What does the Bible say about range voting?

The Bible never mentions the word "vote" or "voting." (For other online bibles see 1, 2, 3...) So is democracy pretty much a post-Biblical concept – an invention of humans trying to rule themselves, one might say, rather than directly an invention of God? Well, here is one quote from the Bible which seems to say that God recommends representative democracy!

Deuteronomy 1:6-13: The LORD our God spoke to us at Horeb, saying... Choose wise and discerning and experienced men from your tribes, and I will appoint them as your heads.

For a different biblical example of something that sounds like an election, see Acts 6:3-5.

But the fact that God did not say exactly how to "choose," and never mentions the word "vote," can make it a little hard to get direct guidance from the Bible. However, despite the Bible not directly ever mentioning voting, the whole idea of humans trying to rule themselves in a just manner is of course a big theme of the Bible. I think obviously God wants us to choose in the fairest and best manner we can.

While I am hardly a Biblical scholar, let me tell you a few interesting things. (I am sure many of you can add more insights better than I ever could. Please do.)

Genesis 1:4-20: And God saw [that] the light was good... And God called the dry land Earth; and the gathering together of the waters called the Seas: and God saw that it was good... And the earth brought forth grass, and herb yielding seed after his kind, and the tree yielding fruit, whose seed was in itself, after his kind: and God saw that it was good... And to rule over the day and over the night, and to divide the light from the darkness: and God saw that it was good... And God created great whales, and every living creature that moveth, which the waters brought forth abundantly, after their kind, and every winged fowl after his kind: and God saw that it was good... And God made the beast of the earth after his kind, and cattle after their kind, and every thing that creepeth upon the earth after his kind: and God saw that it was good.

The above passage resembles "Approval Voting." Approval voting is a predecessor of Range Voting. In approval voting you vote 1 ("approve") or 0 ("disapprove") for every candidate. You do not just vote just for a single candidate, and then shut up, saying nothing about the others (which is the much worse current USA system, called "plurality voting"). Here God is saying he approves of the light, land, seas, trees, fruit, whales, animals, etc. He is not saying "Hey, I approve of just one of these things and the rest can go jump off a cliff." And He is mentioning the light and the earth more than once which is something like range voting, in which you can express different levels of approval, not just a bare "yes" or "no." (If He only wanted to say a bare yes or no, why didn't He just use each word once? Presumably there was a reason, and the most obvious guess at that reason was He wanted to express more intensity for the repeated things.) As someone might put it today, God here seems to want to say he is a particular fan of solar power and the environment!

2 Samuel 14:17: Then thine handmaid said, The word of my lord the king shall now be comfortable: for as an angel of God, so is my lord the king to discern good from bad: therefore the LORD thy God will be with thee. (My italics.)

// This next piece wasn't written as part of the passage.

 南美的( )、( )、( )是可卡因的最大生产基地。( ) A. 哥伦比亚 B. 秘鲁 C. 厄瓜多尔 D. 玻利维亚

Again in this passage, we have the Bible telling humans trying to rule themselves (in this case the king) to "discern good from bad." In plurality voting, you can't discern good from bad very effectively! ♨ For example, if you vote for Bush, then your vote says absolutely nothing about whether you consider Nader, or Gore, or Peroutka, to be good or bad, and how much. Range voting seems exactly what the Bible requested: a highly effective way to discern good from bad. Each voter gives each candidate a score anywhere from 0 (bad) to 99 (good). And voters who feel ignorant about a candidate (or do not want to express an opinion about him) are free to leave that candidate's entry blank, thus not polluting the discernment about him with either a mere guess or a downward-bias to 0.

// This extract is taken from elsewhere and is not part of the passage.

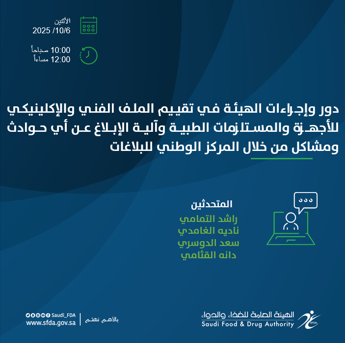 Octoberدور وإجراءات الهيئة في تقييم الملف الفني والإكلينيكي للأجهزة والمستلزمات الطبية و ألية الإبلاغ عن أي حوادث او مشاكل من خلال المركز الوطني للبلاغات

Genesis 2:15, one of the earliest verses in the Bible, calls on mankind "to watch over and care for" and/or "to guard" (depending on the translation/version) the bounty of the earth and its creatures. (Again, God the environmentalist?) But how is mankind to accomplish its sacred caretaker duty without a good way to make decisions? Think about it. Mankind collectively knows what is going on with the Earth. Although any particular human (such as you) is not intimately familiar with almost all of the Earth, almost every part of the Earth is familiar to some person. Collectively, then, we have what it takes to make good decisions. But without a good way to translate that collective knowledge into a decision, we are stymied. Plurality voting, with its ridiculous pathologies which can easily cause us to make the worst decision, is not it. Range voting is the missing piece of the puzzle.

Job 34:1-4: Then Elihu continued and said... Let us choose for ourselves what is right; Let us know among ourselves what is good.

2 Corinthians 5:10: For we must all appear before the judgment seat of Christ; that every one may receive the things done in his body, according to that he hath done, whether it be good or bad.

One more thing

It was recently realized that honeybees have been conducting "elections" to make hive-relocation decisions since long before the first human ever thought of the concept of "voting" – and the method they use is (essentially) range voting! Honeybees are amazingly clever insects. If this is not a Sign from God that range voting is an excellent voting method, I don't know what is.